“我得了信儿,说您被歹人挟持到了城门口。”裴修走向赵文康,边说,“我担心赵指挥安危,便自作主张带着兄弟们前来营救。”
赵文康一噎,哪个不长眼的造谣?
“你怕是叫人糊弄了,我这不是好好的。”赵文康不耐烦地应付着裴修,一边朝泔水车摆手,“赶紧走!”
“那一桶还没查呢。”裴修指着另一只没打开的木桶说,“我还得了信儿,城中有反贼逃窜,说不得就在那里头,若是就这么放走了,各位谁担待得起?”
他哪来的那么多信儿!
甭管他哪来的信儿,是真是假,反正谁也不敢担责,查一查又没坏处。
守城官兵们只好硬着头皮上前继续查。可还未近身,便见那弯腰曲背的老汉忽然站直了,摇身一变成了个高大男人——如果有人接触过大皇子,就能认出来这人正是他的贴身护卫杨义。

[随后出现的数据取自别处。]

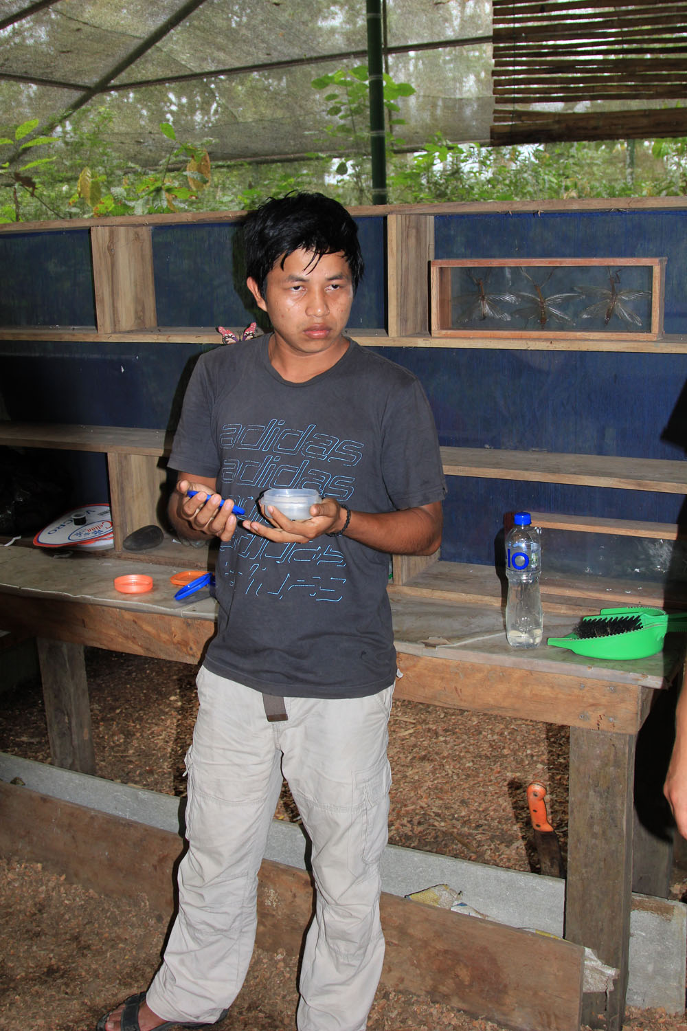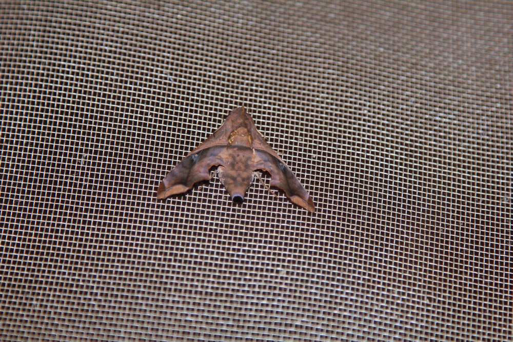 | Her skulle vi så bo på 1. sal | Afslapning med en stille øl, foran vores værelsesfløj. Øl købte vi i bussen, men det vi drak til maden blev købt på lodgen | Da lyset blev tændt på værelserne, var der mange forskellige insekter, der gerne ville ind til os, her er det en natsværmer der er "fanget" på mosquitonettet |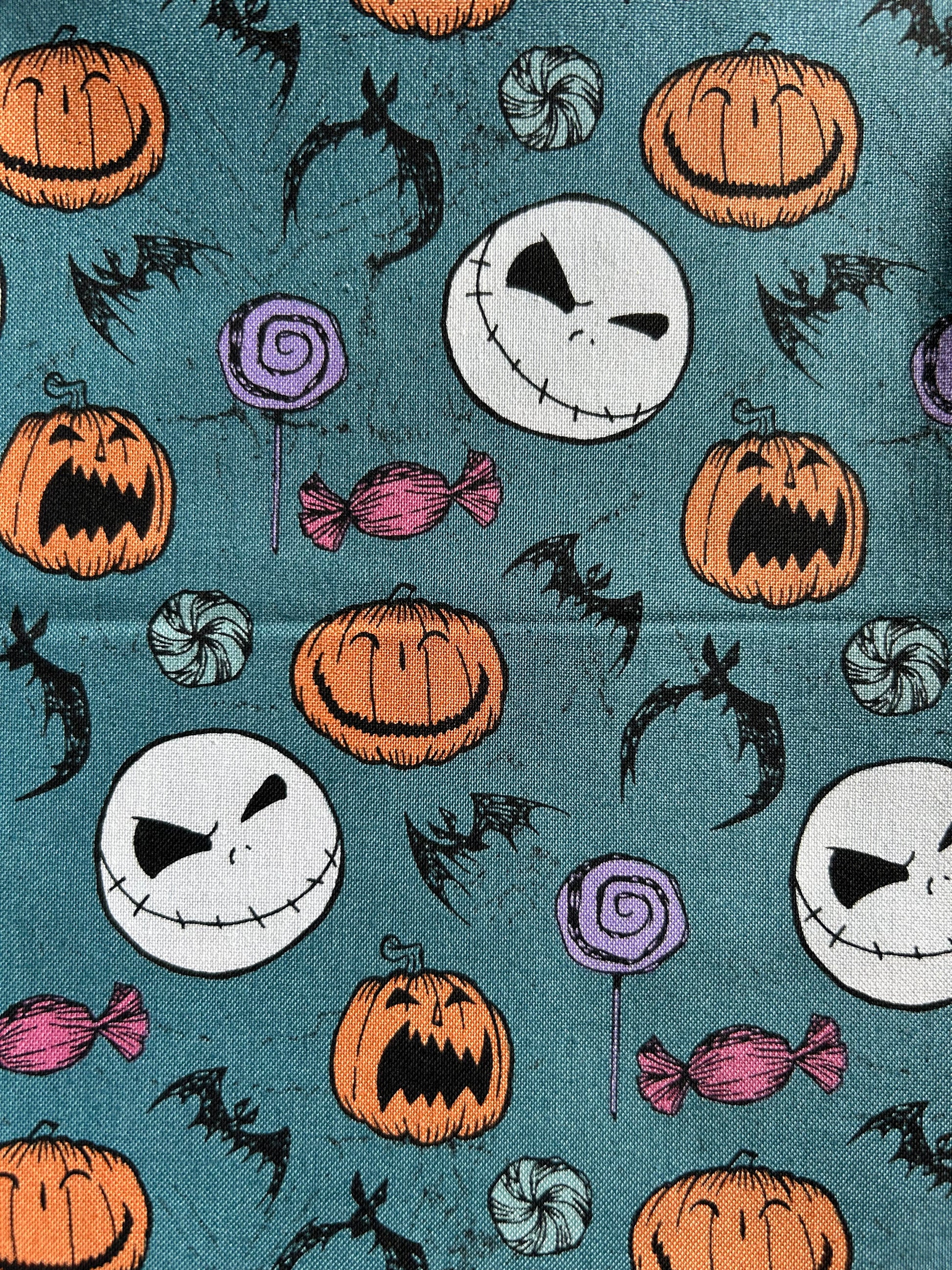 Blue scrunchie with Jack Skellington, pumping and candy print with light purple ribbed tag.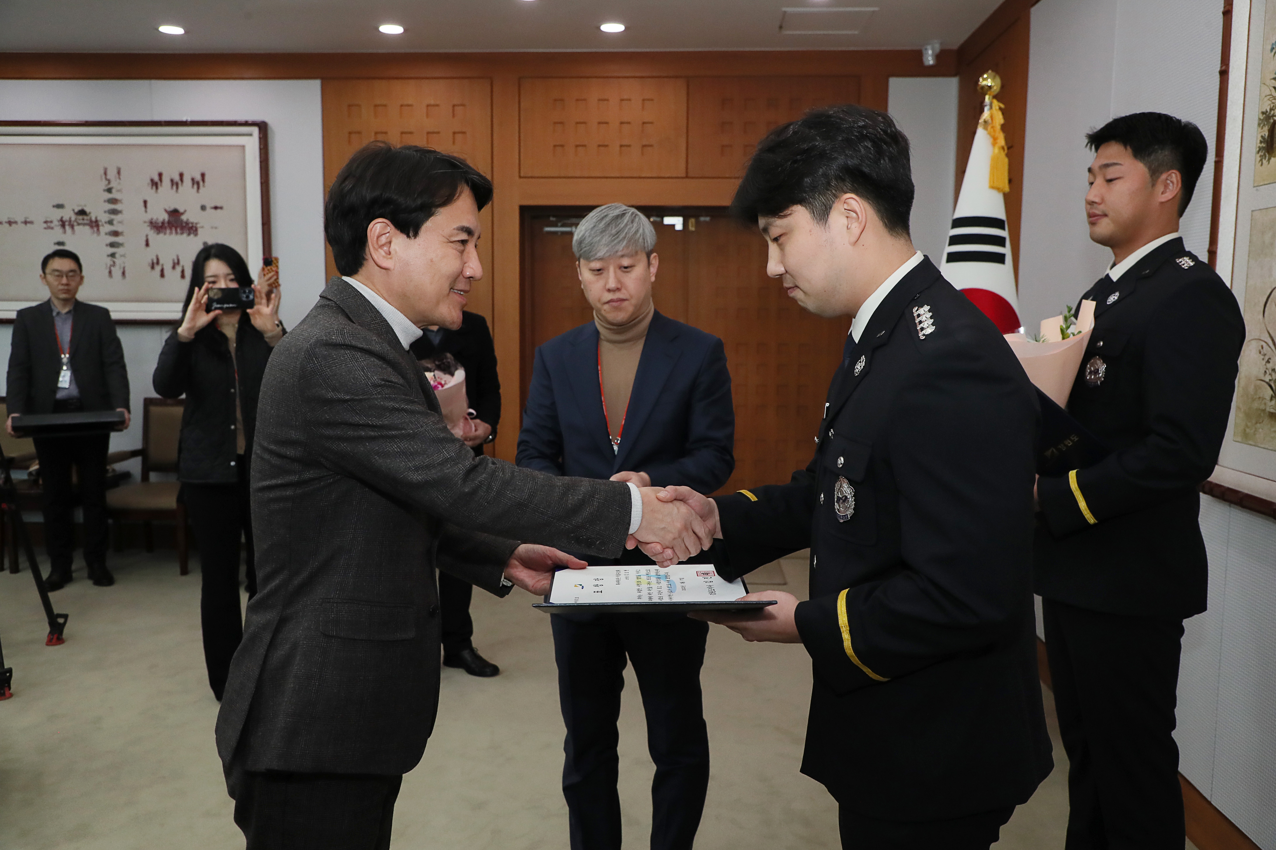 ○ 강원도소방본부(본부장 직무대리 이동학)는 17일 춘천소방서 송우근 소방교와 특수대응단 김보현 소방장이 지난해부터 강원도가 시행하는 선행의인(義人)에 선정되어 김진태 도지사의 표창을 수상했다고 밝혔다.

他甩动马鞭抽退了附近的几个官兵,紧接着他用马鞭勾住了赵文康的脖子,将人拉扯到了马车上。
“开门!否则杀了他!”
裴副指挥一语成谶,赵指挥真的被挟持了。
兵马司指挥虽然品级不高,大小是个官,不能不顾及他的死活。但城门也不能说开就开,守城的官兵们一时犹豫起来。
那厢裴修却二话不说,招呼带来的兄弟上前抓人。
“泔水车里的人是谋逆逃犯,见者格杀勿论,兄弟们谁把他拿下,将来必定平步青云。”
一听说是谋逆犯,大家皆一股脑儿地往上冲,比起一个待人不咋地的赵指挥的小命儿,显然前途更重要。一旦抓住逃犯立功,不说平步青云,一番赏赐肯定是有的,运气好说不定能升官。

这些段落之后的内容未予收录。